======== Source material

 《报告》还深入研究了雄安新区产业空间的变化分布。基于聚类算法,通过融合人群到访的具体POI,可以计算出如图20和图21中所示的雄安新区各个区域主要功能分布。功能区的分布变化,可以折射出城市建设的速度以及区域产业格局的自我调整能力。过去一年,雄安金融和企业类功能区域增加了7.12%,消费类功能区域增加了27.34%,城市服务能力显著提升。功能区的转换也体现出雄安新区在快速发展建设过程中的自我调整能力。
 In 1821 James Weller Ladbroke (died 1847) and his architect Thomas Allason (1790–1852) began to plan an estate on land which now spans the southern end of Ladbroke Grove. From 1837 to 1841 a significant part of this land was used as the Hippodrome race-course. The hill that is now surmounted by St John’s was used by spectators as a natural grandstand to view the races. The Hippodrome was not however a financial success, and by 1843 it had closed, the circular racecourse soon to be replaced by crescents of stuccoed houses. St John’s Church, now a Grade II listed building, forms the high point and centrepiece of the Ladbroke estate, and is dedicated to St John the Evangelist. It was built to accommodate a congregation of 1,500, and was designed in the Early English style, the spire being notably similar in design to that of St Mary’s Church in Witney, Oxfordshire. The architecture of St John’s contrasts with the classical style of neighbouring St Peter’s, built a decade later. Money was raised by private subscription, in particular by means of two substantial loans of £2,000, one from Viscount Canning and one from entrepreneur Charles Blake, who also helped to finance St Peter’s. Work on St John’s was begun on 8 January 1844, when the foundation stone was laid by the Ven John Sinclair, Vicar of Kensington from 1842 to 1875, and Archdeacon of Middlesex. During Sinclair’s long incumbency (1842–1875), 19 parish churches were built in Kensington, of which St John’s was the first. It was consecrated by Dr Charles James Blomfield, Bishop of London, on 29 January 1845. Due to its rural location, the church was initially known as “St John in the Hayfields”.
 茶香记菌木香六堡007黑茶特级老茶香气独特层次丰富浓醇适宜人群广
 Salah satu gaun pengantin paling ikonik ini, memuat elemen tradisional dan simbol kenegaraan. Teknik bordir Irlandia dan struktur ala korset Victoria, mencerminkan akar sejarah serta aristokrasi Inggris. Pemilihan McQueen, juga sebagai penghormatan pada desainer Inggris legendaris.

================
======== Source material

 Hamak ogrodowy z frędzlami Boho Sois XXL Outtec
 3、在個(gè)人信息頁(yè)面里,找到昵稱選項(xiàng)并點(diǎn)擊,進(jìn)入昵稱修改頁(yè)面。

================
======== Source material

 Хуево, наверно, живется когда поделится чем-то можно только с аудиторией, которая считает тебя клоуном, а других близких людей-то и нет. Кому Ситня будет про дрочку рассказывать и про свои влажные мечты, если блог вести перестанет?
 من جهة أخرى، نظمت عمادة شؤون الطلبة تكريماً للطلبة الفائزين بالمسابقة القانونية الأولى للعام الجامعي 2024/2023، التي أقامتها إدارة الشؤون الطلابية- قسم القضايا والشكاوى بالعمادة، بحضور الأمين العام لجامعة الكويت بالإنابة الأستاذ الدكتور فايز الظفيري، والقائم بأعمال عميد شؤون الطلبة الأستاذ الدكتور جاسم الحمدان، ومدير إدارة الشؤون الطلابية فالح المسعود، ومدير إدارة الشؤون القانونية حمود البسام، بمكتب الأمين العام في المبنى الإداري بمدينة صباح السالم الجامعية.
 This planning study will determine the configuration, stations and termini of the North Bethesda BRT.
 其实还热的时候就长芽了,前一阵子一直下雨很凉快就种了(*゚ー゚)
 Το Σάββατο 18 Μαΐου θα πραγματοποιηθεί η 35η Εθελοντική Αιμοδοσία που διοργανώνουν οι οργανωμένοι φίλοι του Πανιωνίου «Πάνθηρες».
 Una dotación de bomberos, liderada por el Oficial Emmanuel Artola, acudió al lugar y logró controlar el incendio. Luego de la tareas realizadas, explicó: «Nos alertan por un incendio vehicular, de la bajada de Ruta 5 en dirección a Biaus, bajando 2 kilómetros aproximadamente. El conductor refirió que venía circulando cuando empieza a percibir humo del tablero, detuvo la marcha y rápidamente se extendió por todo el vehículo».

================

= Task item =
All lines above from the one holding "茶香记菌木香六堡007黑茶特级老茶香气独特层次丰富浓醇适宜人群广" to the one holding "Salah satu gaun", inclusive, are to be copied exactly; no other line is wanted.

= Solution to this task =
 茶香记菌木香六堡007黑茶特级老茶香气独特层次丰富浓醇适宜人群广
 Salah satu gaun pengantin paling ikonik ini, memuat elemen tradisional dan simbol kenegaraan. Teknik bordir Irlandia dan struktur ala korset Victoria, mencerminkan akar sejarah serta aristokrasi Inggris. Pemilihan McQueen, juga sebagai penghormatan pada desainer Inggris legendaris.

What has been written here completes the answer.